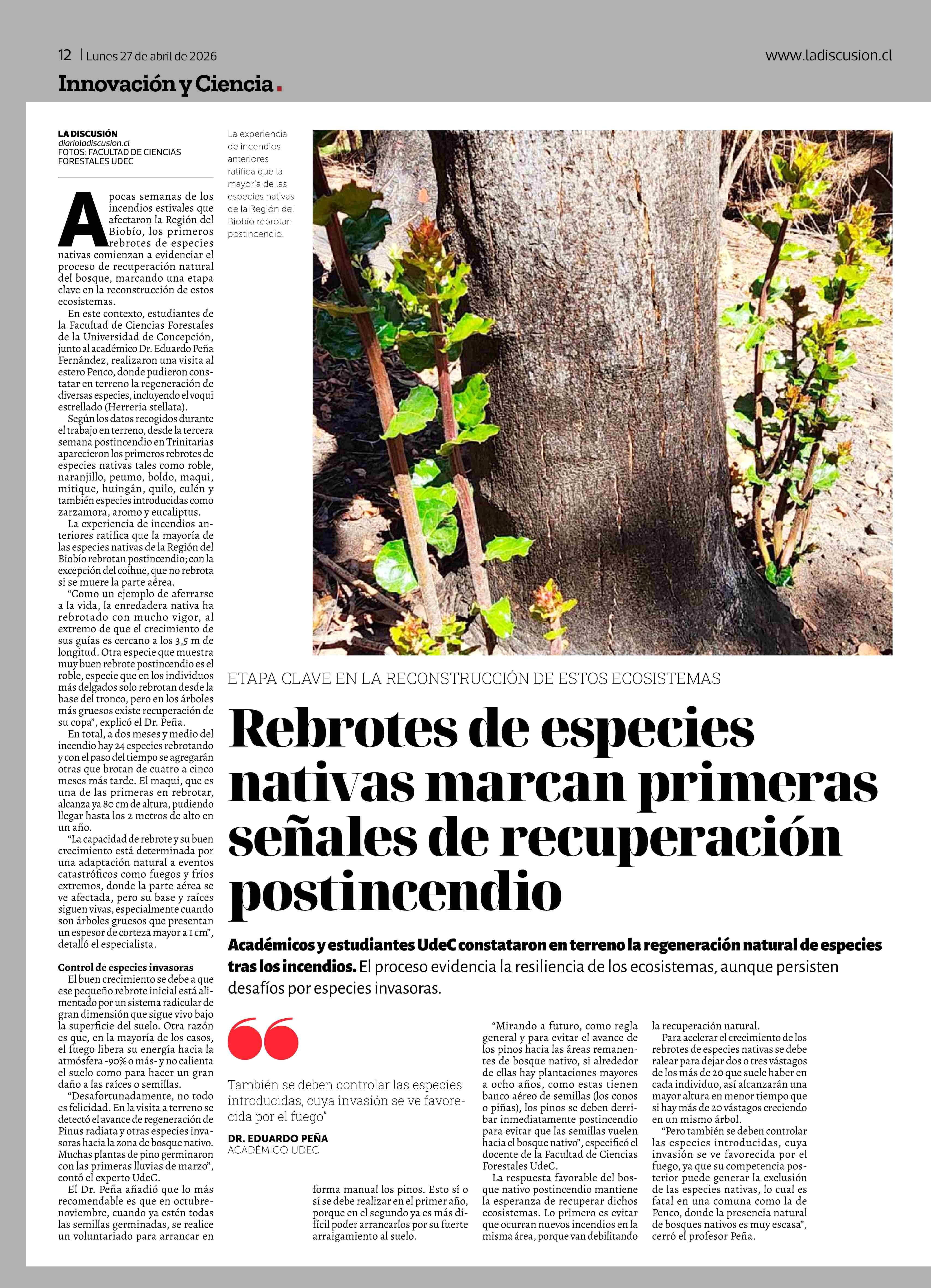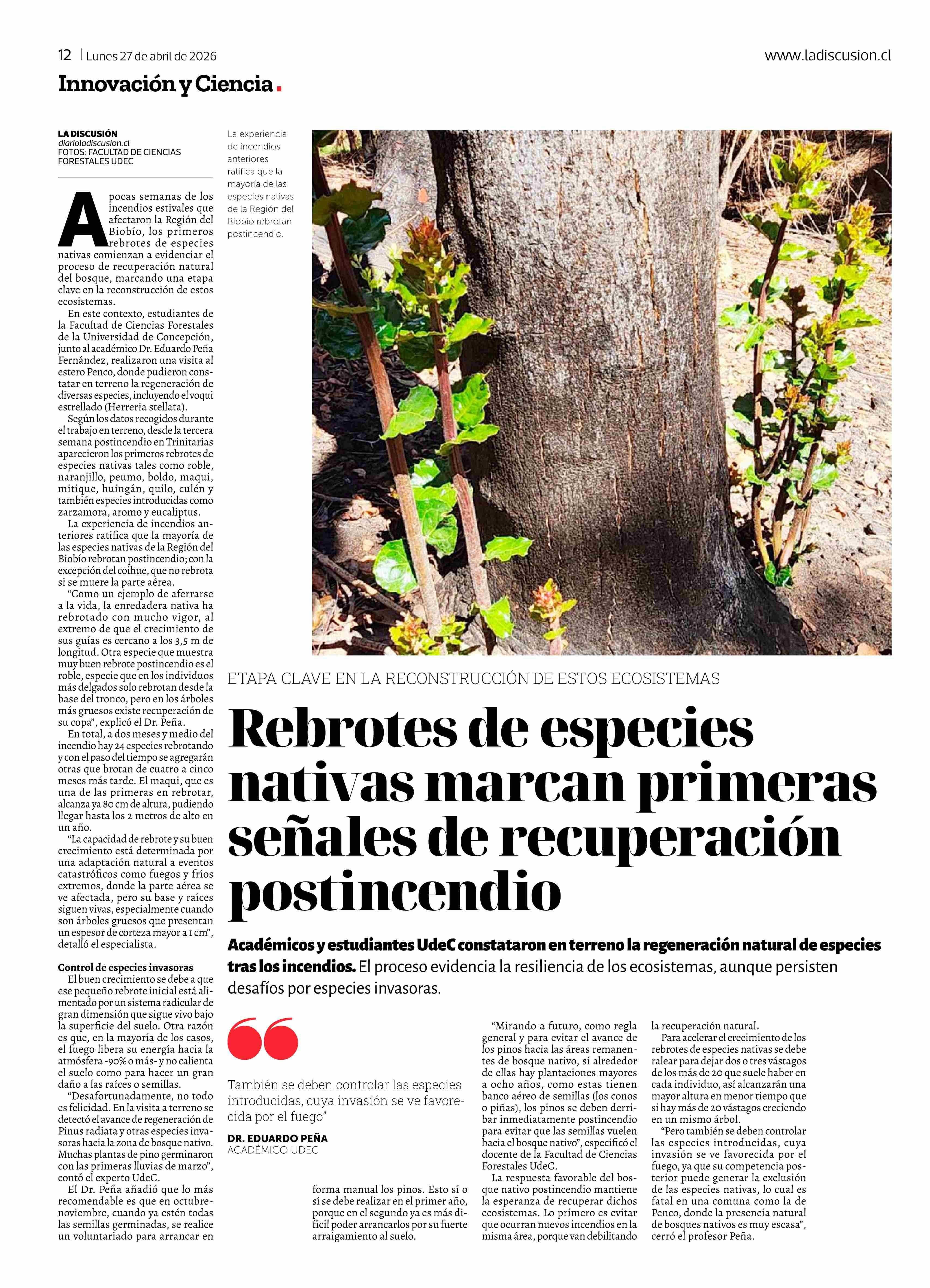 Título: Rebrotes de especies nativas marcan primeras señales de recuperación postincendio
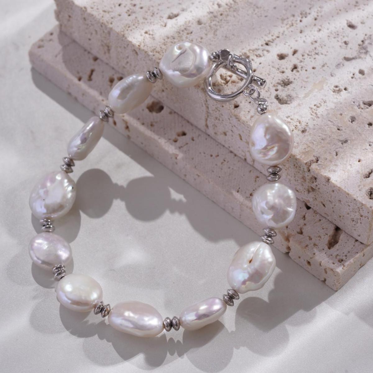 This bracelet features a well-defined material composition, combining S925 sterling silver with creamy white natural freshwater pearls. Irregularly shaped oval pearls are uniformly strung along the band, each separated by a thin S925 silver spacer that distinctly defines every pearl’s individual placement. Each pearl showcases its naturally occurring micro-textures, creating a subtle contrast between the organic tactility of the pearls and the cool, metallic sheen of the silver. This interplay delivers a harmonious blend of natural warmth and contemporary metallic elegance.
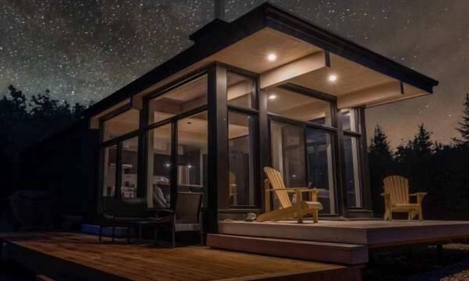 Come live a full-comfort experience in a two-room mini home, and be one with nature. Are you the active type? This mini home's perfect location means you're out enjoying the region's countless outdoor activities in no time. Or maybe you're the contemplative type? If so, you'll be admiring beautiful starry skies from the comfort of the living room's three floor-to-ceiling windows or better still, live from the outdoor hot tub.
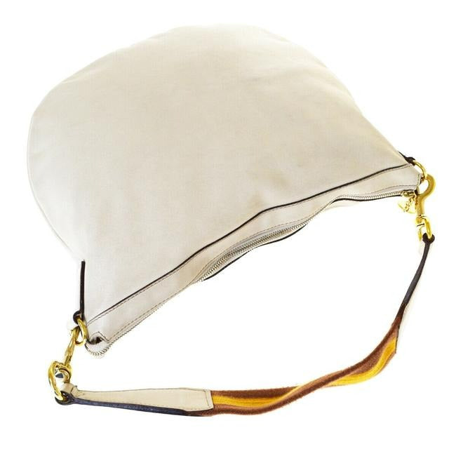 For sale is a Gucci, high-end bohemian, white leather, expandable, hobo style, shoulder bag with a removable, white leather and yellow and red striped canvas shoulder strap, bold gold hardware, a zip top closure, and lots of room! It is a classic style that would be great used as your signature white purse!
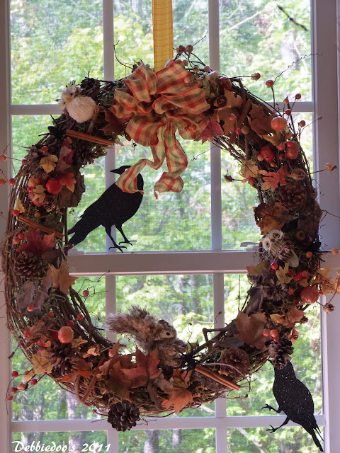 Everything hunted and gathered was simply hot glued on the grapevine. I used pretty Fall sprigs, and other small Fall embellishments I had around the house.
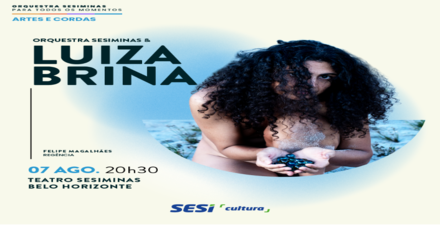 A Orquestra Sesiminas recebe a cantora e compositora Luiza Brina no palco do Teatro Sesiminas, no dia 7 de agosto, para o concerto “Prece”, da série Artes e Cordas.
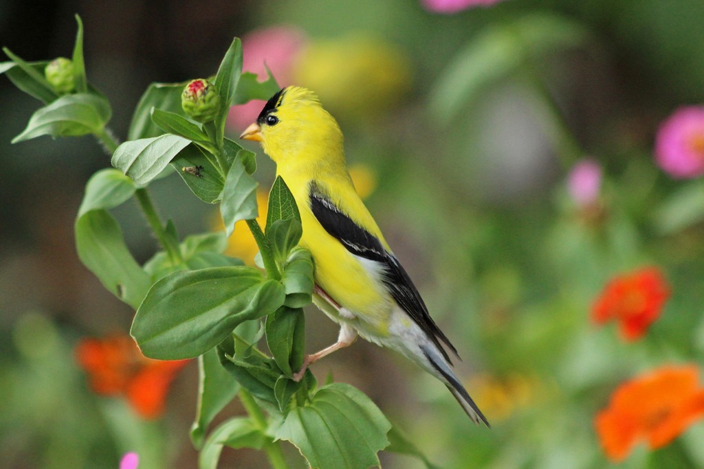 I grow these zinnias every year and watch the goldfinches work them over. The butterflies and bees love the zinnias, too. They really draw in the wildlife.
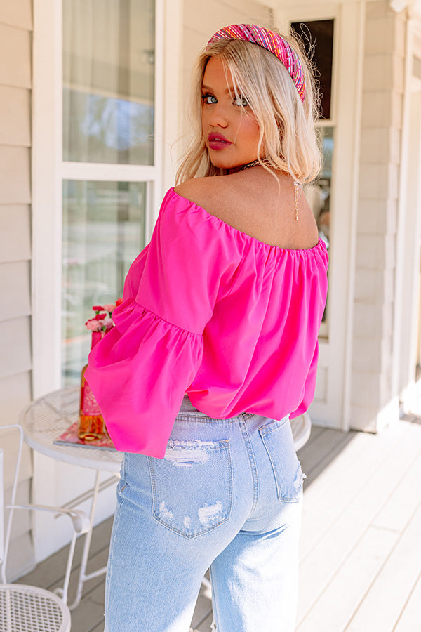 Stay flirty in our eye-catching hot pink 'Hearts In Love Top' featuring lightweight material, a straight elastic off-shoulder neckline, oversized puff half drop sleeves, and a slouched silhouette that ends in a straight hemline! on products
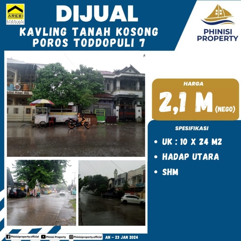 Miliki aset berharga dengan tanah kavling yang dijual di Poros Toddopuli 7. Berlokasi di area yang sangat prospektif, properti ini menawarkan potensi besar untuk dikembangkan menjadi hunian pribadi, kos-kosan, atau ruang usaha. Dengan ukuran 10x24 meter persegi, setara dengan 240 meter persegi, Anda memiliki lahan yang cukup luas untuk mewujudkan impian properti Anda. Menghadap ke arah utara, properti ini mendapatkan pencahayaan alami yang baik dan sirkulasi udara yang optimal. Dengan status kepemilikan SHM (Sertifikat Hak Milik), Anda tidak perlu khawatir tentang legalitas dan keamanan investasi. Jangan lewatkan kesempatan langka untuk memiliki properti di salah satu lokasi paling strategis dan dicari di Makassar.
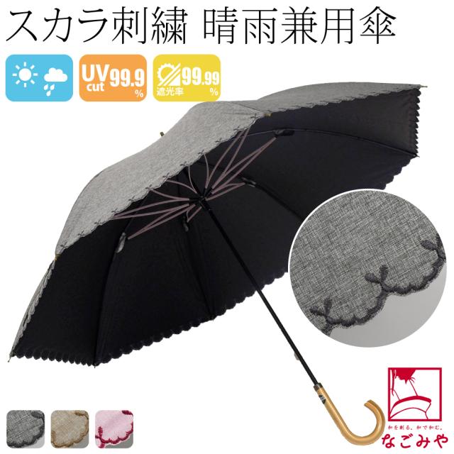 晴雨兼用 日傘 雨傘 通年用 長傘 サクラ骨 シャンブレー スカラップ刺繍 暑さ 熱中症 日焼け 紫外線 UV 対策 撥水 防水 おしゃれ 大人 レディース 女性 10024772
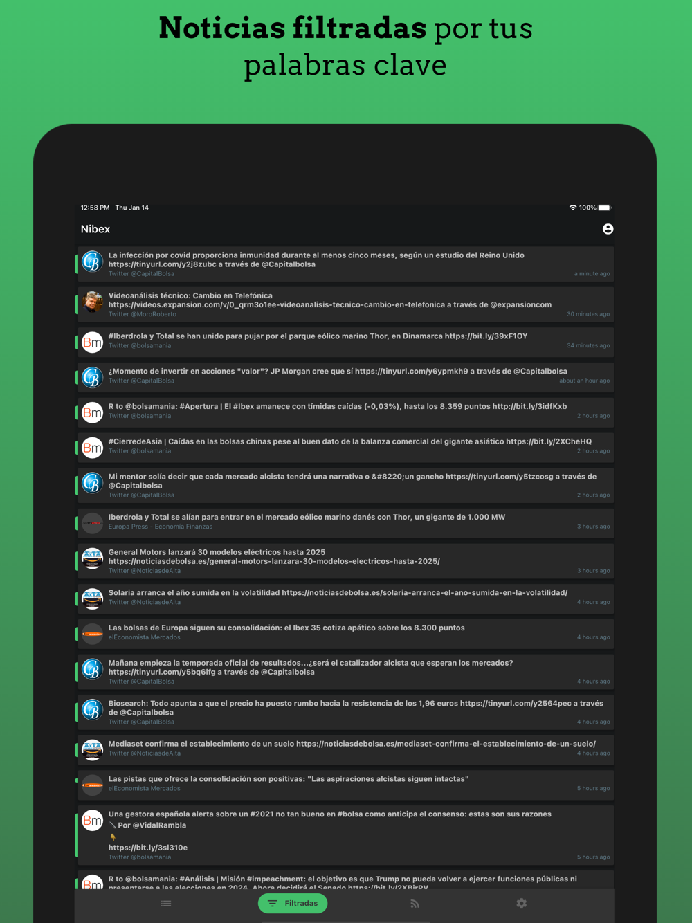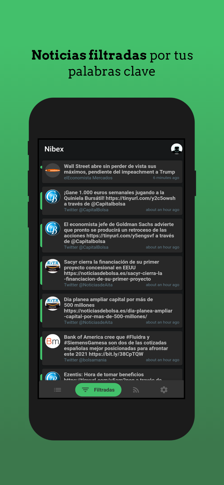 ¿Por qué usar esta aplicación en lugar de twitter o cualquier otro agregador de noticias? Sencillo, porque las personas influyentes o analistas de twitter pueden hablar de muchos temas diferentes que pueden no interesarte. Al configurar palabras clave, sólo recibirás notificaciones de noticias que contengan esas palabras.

════════════════

#### INSTRUCTIONS FOR THE TASK
Repeat the data verbatim through the "This bracelet features" line, no pictures.

#### SOLUTION TO THIS EXERCISE
 Título: Rebrotes de especies nativas marcan primeras señales de recuperación postincendio
 This bracelet features a well-defined material composition, combining S925 sterling silver with creamy white natural freshwater pearls. Irregularly shaped oval pearls are uniformly strung along the band, each separated by a thin S925 silver spacer that distinctly defines every pearl’s individual placement. Each pearl showcases its naturally occurring micro-textures, creating a subtle contrast between the organic tactility of the pearls and the cool, metallic sheen of the silver. This interplay delivers a harmonious blend of natural warmth and contemporary metallic elegance.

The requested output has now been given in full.